We thought Carole’s amazing career, from her first “discovery” at fifteen amid a blazing whirlwind of publicity, through her days as a Mack Sennett bathing beauty, until now when she is one of the most brilliant dramatic actresses of the screen. Her smashed romance with William Powell. Her friendship with Russ Columbo, tragically broken by death.
At any point in her career she might have stopped — jelled into the personality of a hey-hey dancing girl. Remained always a mere beautiful clothes-horse. We mentioned several former stars who had done just that. She asked me not to print their names.

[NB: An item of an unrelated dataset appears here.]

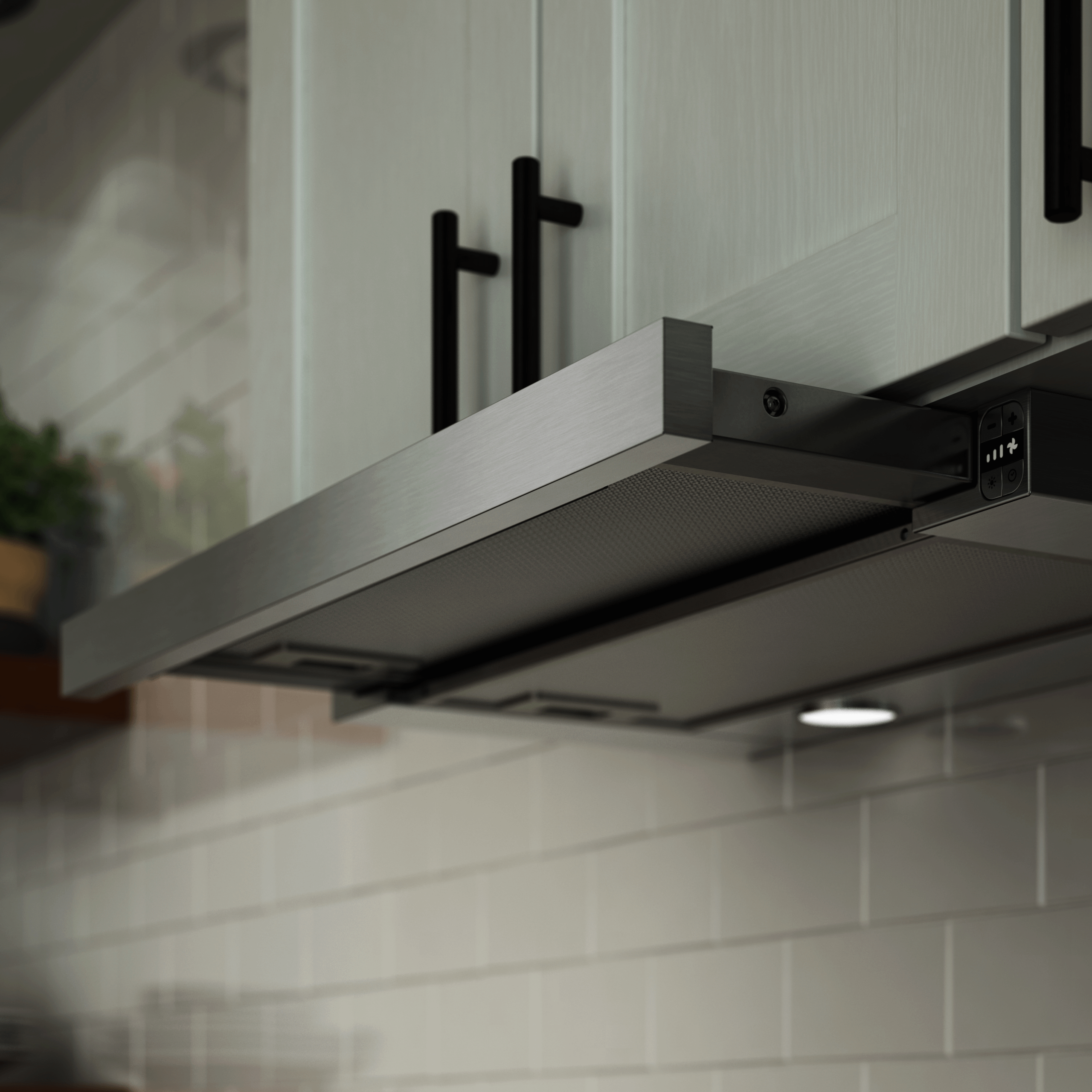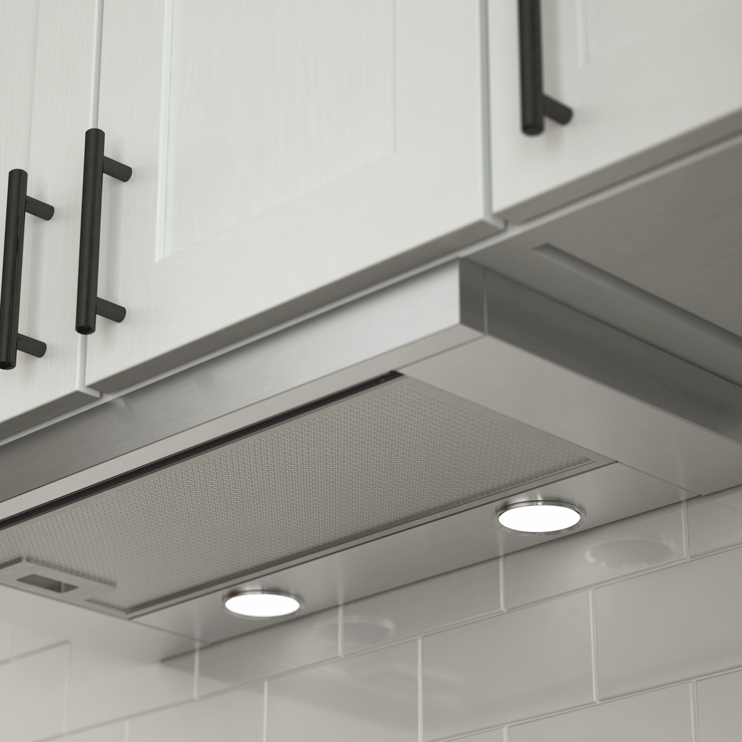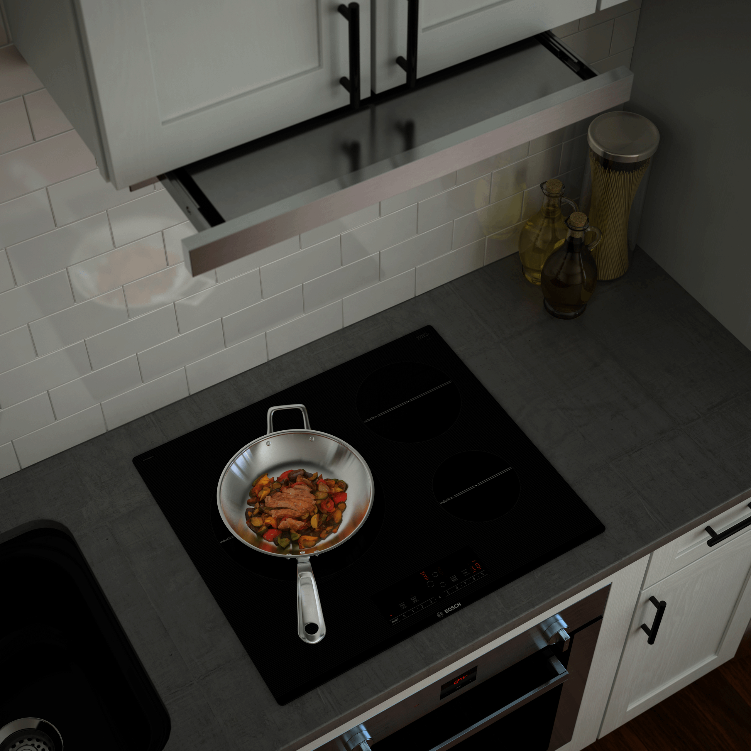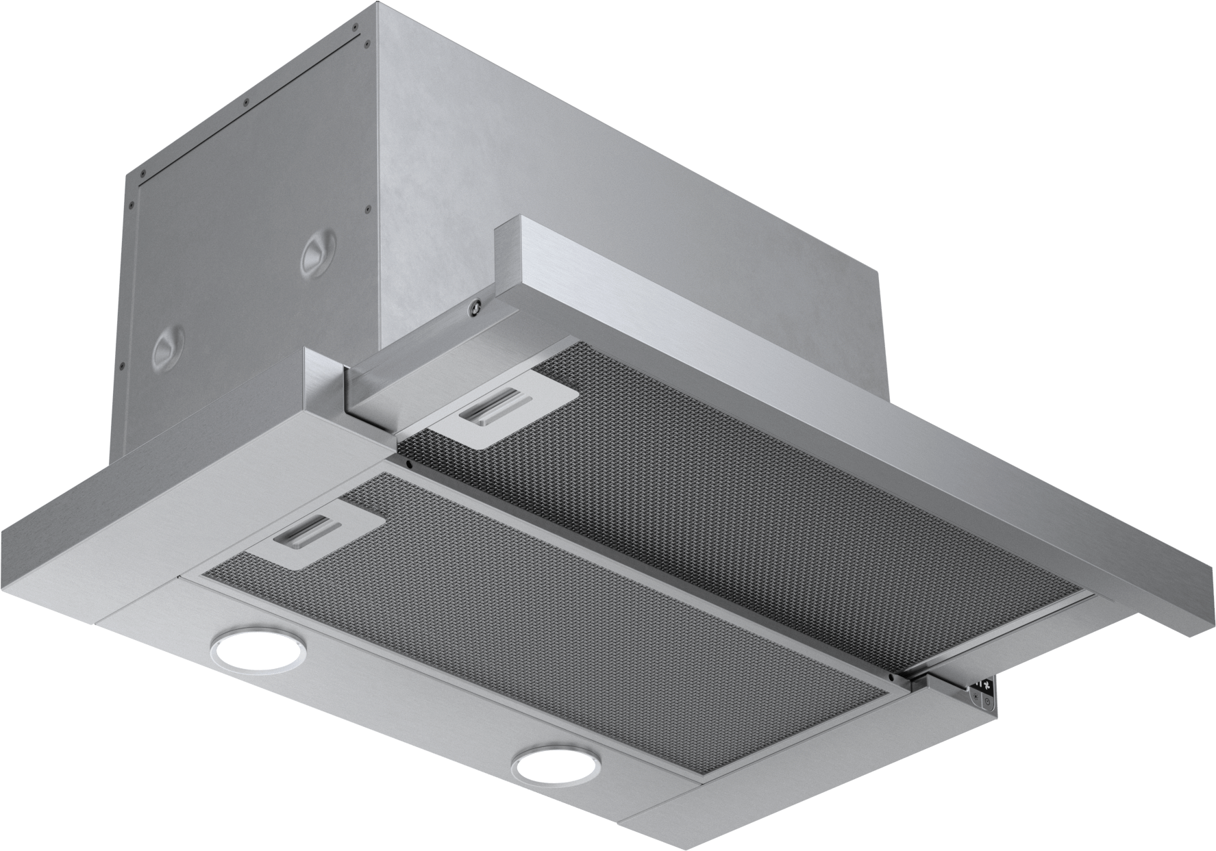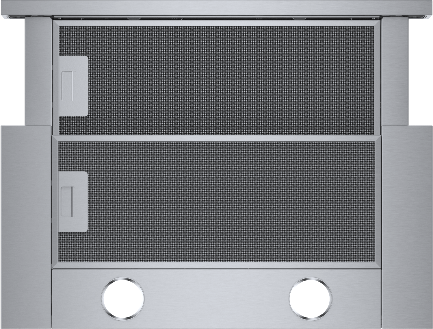 The Bosch HUI54452UC is a 24-inch pull-out under-cabinet range hood that combines functionality with a minimalist design. Part of Bosch's 500 Series, this hood offers a 400 CFM blower to effectively remove smoke, odors, and grease from your cooking area. The four-speed fan control allows you to adjust ventilation intensity to match your cooking needs, while the bright LED lighting ensures optimal visibility of your cooktop. The dishwasher-safe aluminum mesh filters make maintenance simple and convenient. When not in use, the pull-out visor retracts to create a flush appearance with your cabinetry, maintaining the sleek aesthetics of your kitchen.

Instead Carole has gone on — developed into a woman of poise and charm who can be very gay or thoughtfully serious, who can appreciate the broadest joke or the most subtle flash of wit, who is attracted by men of brilliant intellect — men like Robert Riskin, the playwright, who often takes her out.
“The dangerous early twenties were a time of preparation,” she told me. “I’m glad I have crammed all sorts of experiences into them. I’m still learning — still trying to grow and develop. I’m just beginning to live!”